> _Provided material_:
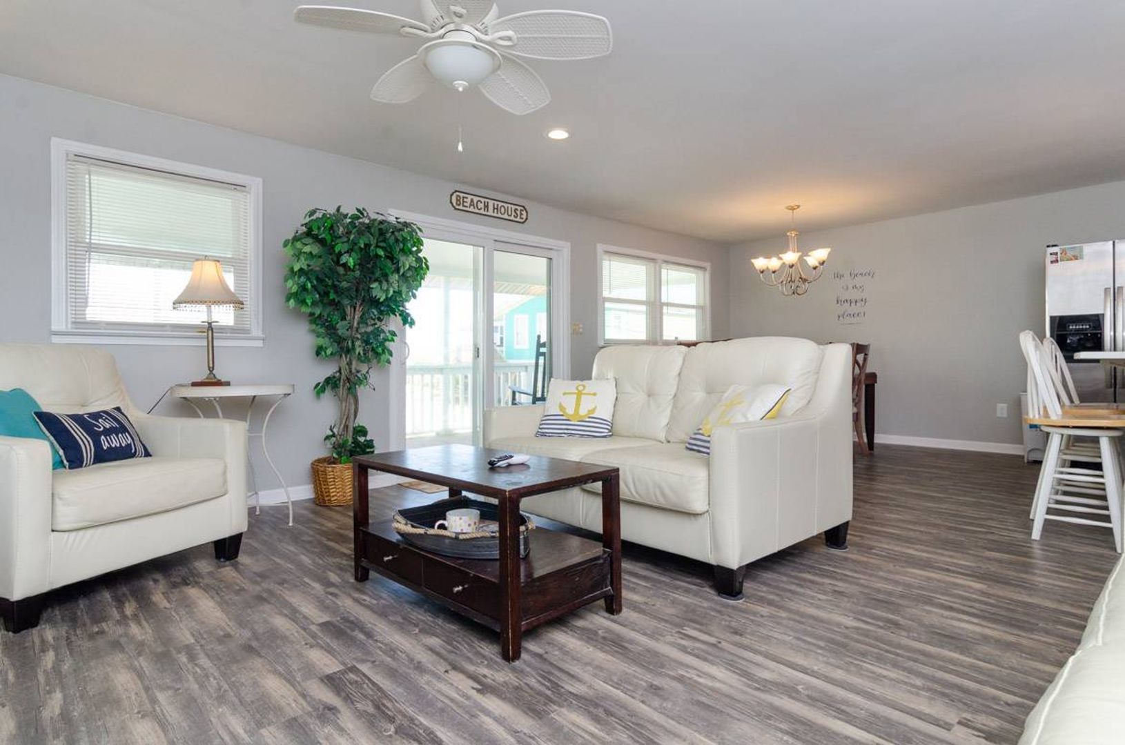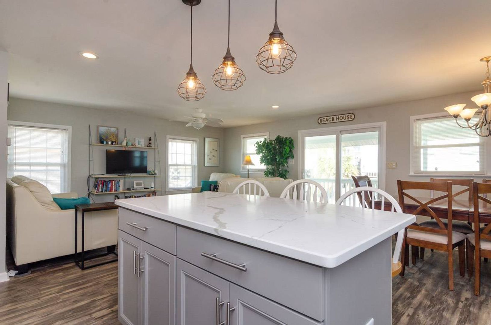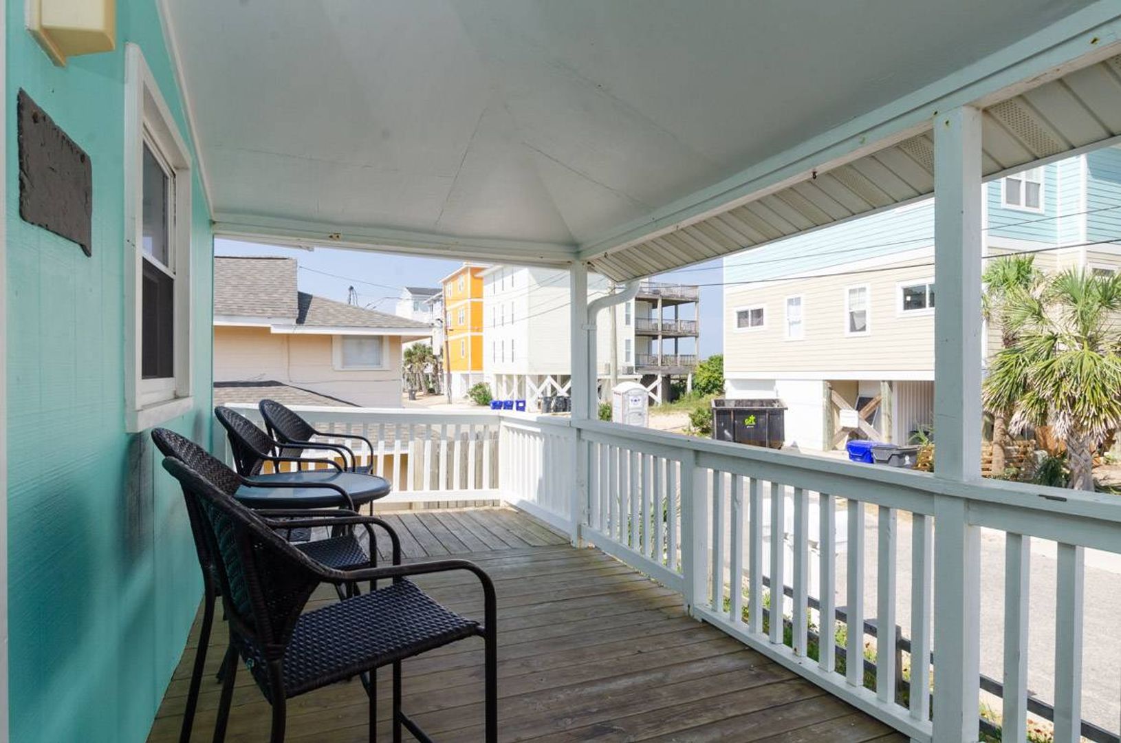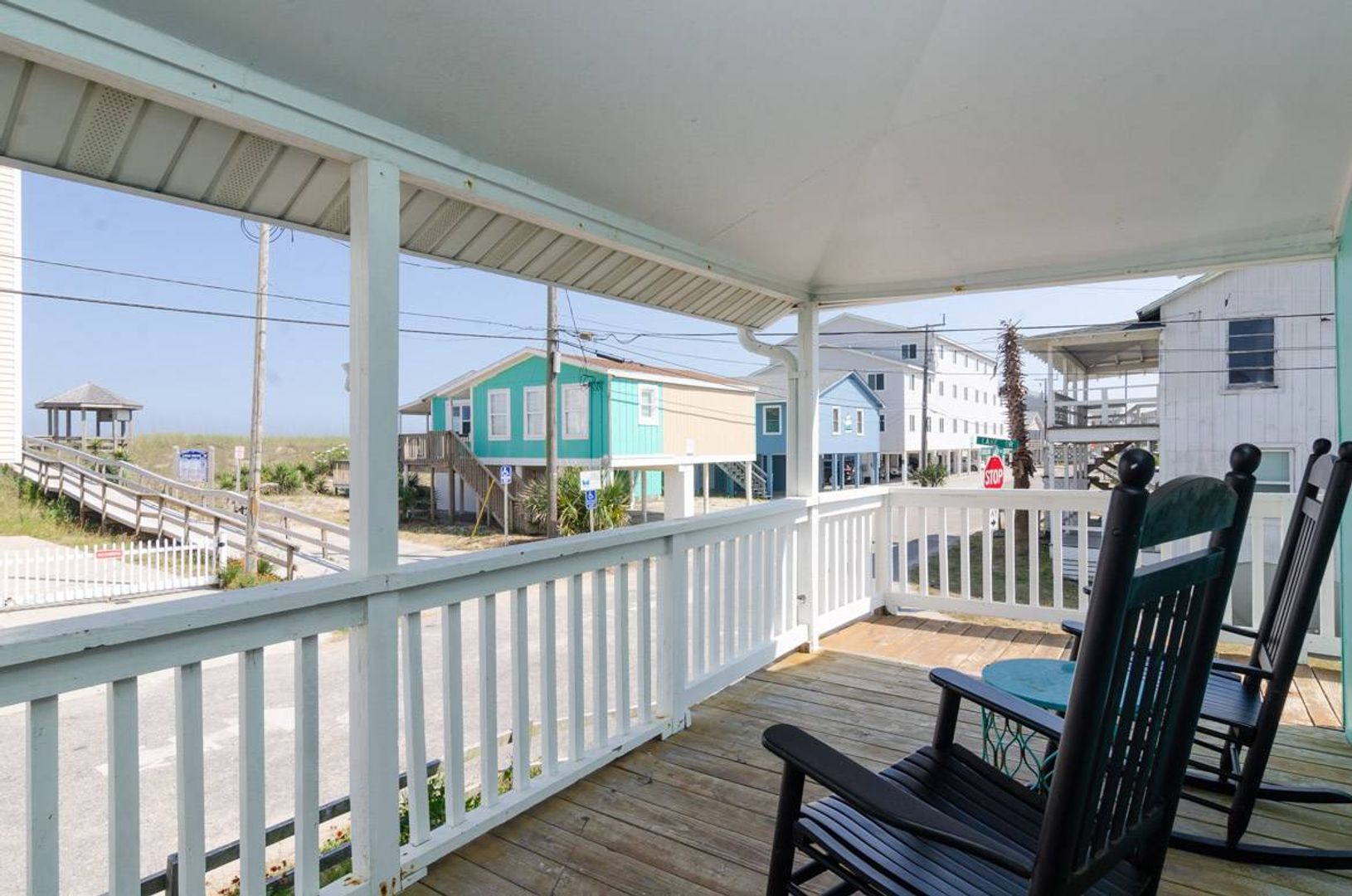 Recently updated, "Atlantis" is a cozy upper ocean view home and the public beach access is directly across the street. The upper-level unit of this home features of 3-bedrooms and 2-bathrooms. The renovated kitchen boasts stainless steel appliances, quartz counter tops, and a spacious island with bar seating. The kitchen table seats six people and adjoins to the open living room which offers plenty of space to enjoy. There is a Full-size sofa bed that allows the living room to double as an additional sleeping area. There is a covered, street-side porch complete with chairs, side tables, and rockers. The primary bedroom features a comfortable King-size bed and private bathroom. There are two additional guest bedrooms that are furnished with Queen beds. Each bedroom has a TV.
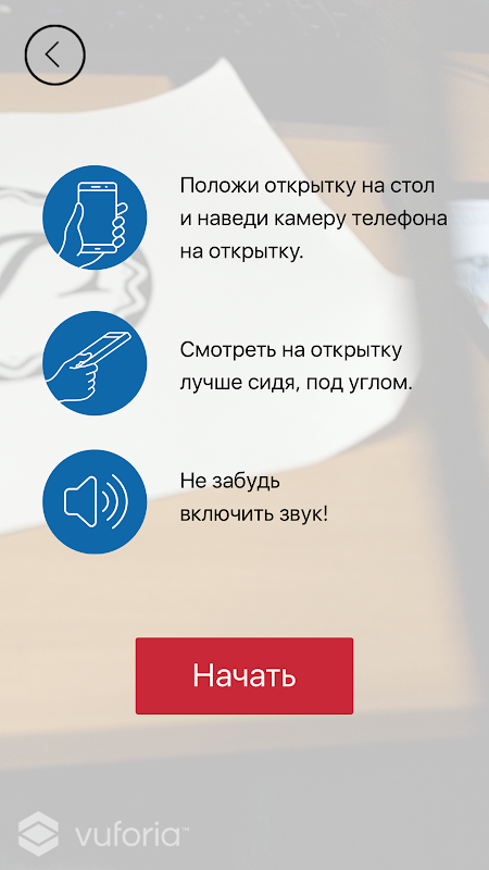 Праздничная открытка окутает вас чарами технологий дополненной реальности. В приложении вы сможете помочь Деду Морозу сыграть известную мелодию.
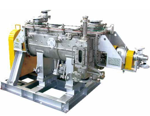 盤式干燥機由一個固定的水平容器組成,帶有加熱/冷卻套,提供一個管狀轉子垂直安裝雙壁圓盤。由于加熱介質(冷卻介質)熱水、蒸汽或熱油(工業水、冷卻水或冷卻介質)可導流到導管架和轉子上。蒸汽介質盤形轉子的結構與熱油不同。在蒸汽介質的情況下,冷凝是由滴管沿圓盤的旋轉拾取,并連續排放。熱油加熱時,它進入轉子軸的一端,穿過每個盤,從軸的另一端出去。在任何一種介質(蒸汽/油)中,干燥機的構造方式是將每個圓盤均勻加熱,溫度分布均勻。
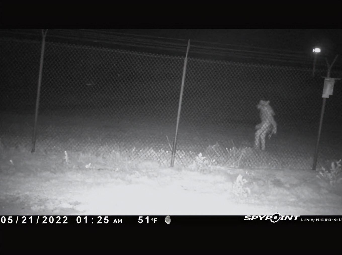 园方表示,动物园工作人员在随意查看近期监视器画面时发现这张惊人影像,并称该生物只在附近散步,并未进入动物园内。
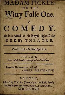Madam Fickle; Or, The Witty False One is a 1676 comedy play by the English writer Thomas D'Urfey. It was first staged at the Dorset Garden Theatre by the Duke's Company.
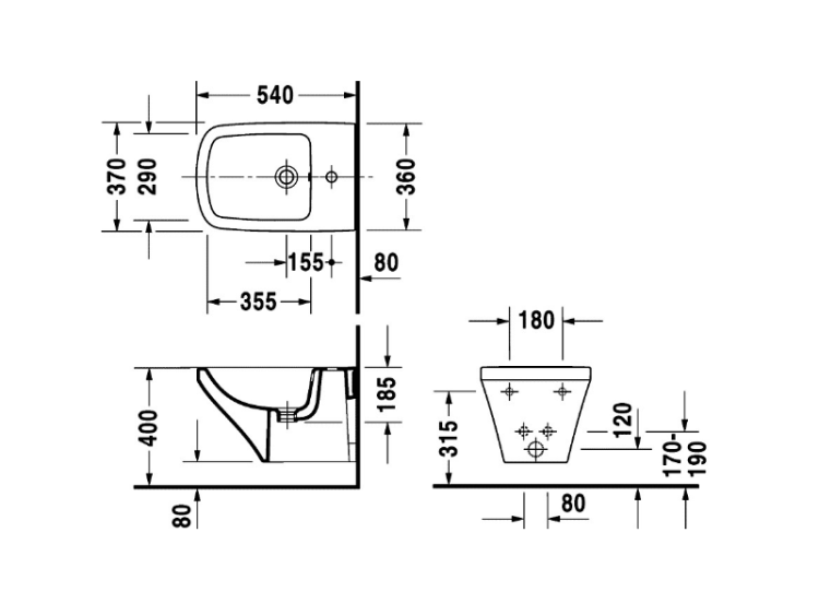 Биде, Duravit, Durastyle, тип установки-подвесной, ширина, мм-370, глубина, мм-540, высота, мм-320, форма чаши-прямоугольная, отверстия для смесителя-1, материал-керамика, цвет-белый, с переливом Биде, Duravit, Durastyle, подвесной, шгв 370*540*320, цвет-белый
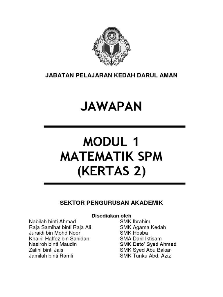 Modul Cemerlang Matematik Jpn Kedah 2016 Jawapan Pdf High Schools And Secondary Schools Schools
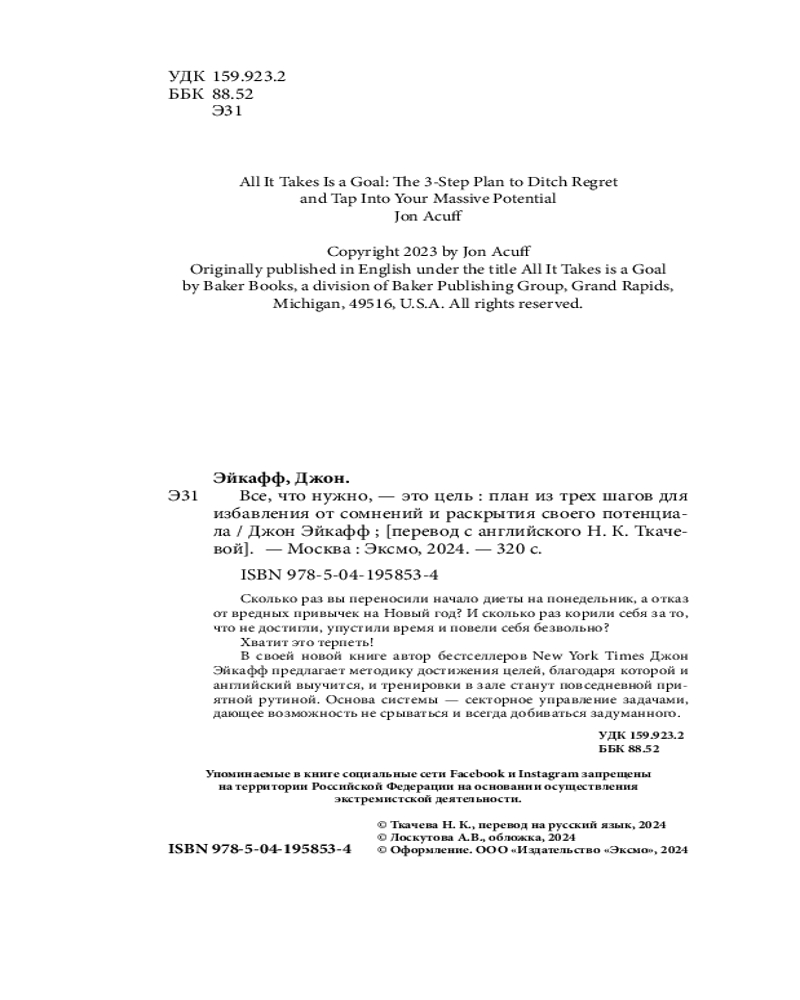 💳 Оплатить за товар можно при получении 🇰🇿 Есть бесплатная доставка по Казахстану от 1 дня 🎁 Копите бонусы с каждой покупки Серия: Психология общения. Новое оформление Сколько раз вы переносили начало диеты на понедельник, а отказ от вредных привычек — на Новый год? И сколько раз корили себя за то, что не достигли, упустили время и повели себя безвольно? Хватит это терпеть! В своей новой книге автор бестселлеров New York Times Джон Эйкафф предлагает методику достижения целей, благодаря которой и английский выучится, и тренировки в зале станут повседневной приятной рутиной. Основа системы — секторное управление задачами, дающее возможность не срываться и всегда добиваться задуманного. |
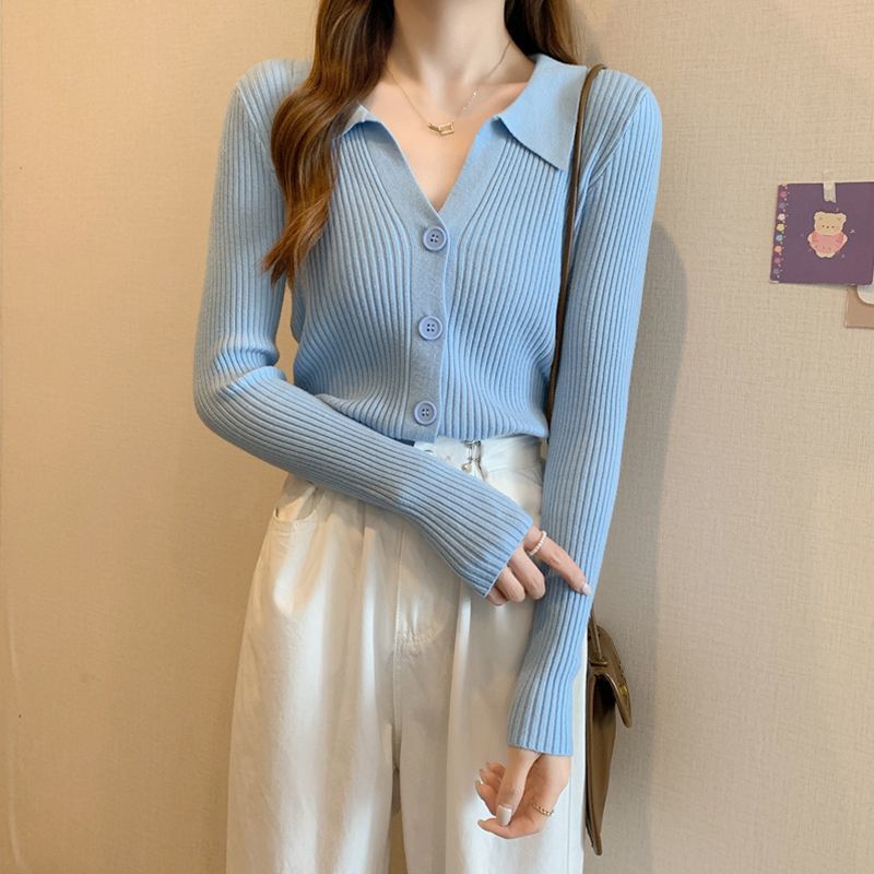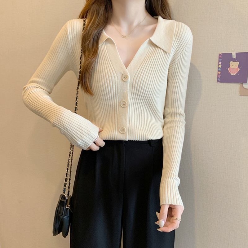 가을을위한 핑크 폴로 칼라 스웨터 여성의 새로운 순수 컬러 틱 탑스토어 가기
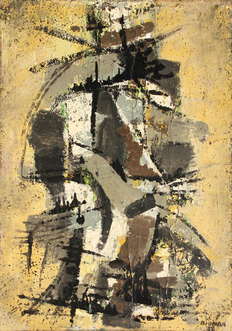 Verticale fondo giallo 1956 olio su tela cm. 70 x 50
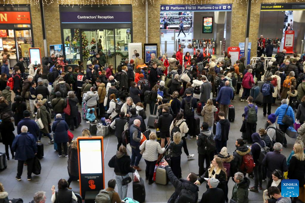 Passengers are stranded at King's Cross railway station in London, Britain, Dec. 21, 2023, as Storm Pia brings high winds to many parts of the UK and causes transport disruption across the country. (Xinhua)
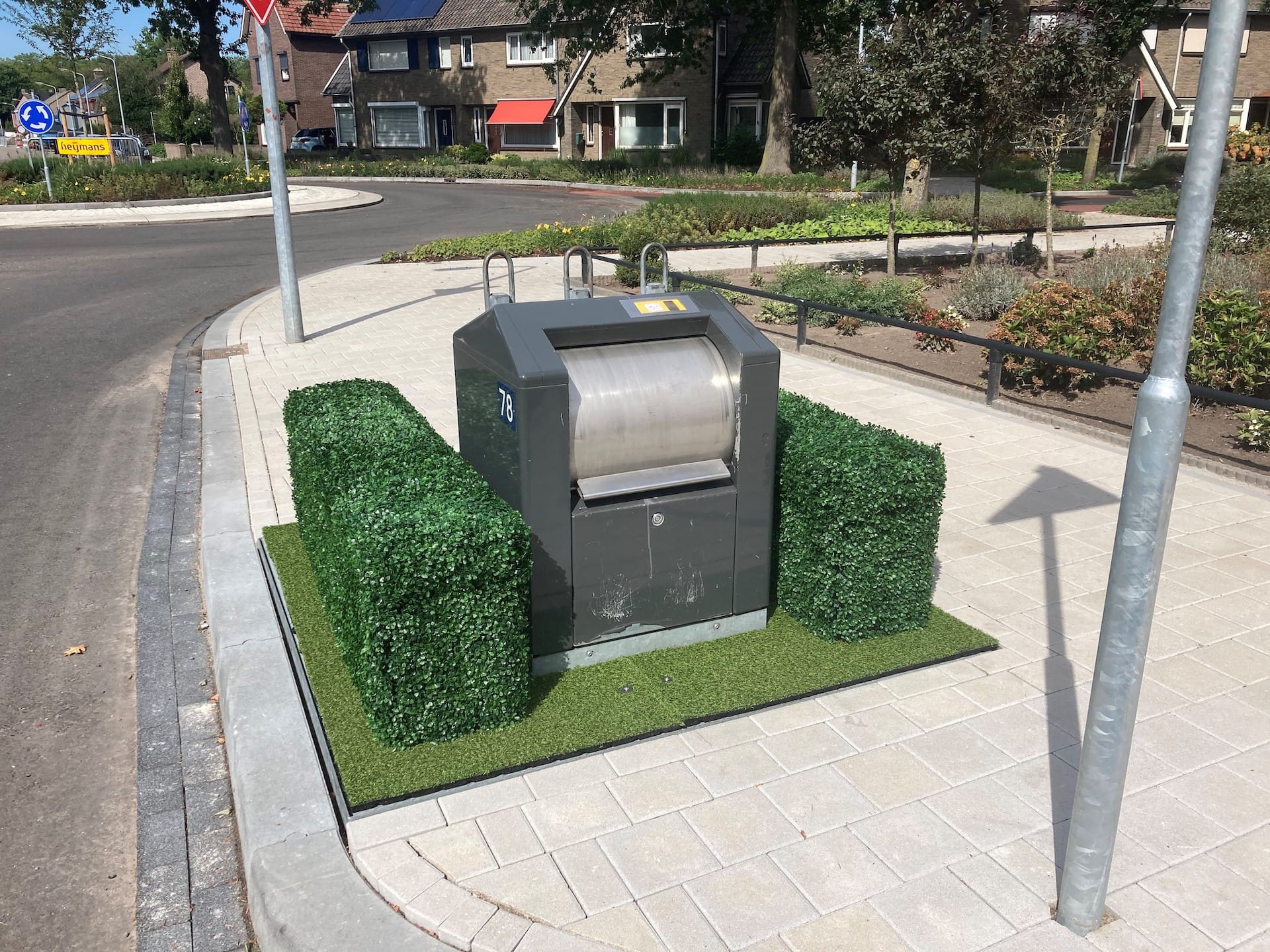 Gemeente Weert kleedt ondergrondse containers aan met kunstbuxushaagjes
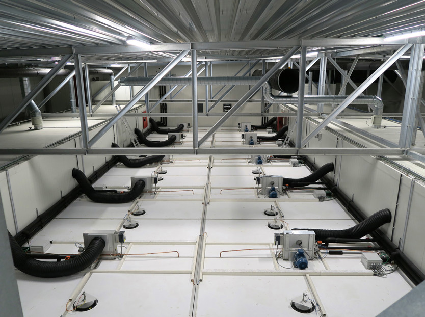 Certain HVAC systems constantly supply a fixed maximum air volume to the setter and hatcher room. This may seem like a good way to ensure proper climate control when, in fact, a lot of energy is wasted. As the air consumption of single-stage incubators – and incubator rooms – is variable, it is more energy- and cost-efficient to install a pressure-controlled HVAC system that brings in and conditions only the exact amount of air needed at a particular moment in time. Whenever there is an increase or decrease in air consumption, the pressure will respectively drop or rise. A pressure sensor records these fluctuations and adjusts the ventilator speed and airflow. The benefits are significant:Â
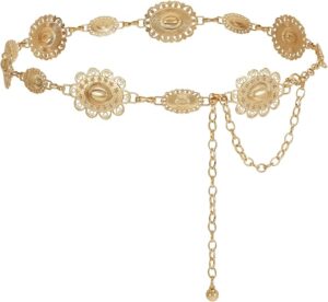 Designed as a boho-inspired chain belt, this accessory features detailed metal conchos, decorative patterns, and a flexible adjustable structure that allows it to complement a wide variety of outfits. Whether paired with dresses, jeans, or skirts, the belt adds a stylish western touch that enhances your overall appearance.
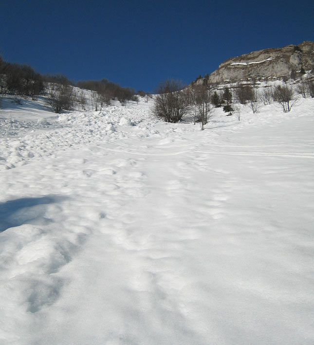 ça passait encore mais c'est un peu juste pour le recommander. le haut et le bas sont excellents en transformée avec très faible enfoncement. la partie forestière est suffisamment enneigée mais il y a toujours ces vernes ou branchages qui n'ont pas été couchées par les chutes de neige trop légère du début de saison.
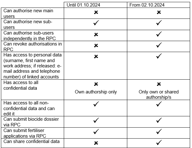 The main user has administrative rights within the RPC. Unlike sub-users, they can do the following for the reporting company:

> _Activity_: Restate word for word the lines of the data above that begin at the line with "Verticale fondo giallo" and end at the line with "Passengers are stranded", keeping both ends and dropping every picture.

> _Response area_:
 Verticale fondo giallo 1956 olio su tela cm. 70 x 50
 Passengers are stranded at King's Cross railway station in London, Britain, Dec. 21, 2023, as Storm Pia brings high winds to many parts of the UK and causes transport disruption across the country. (Xinhua)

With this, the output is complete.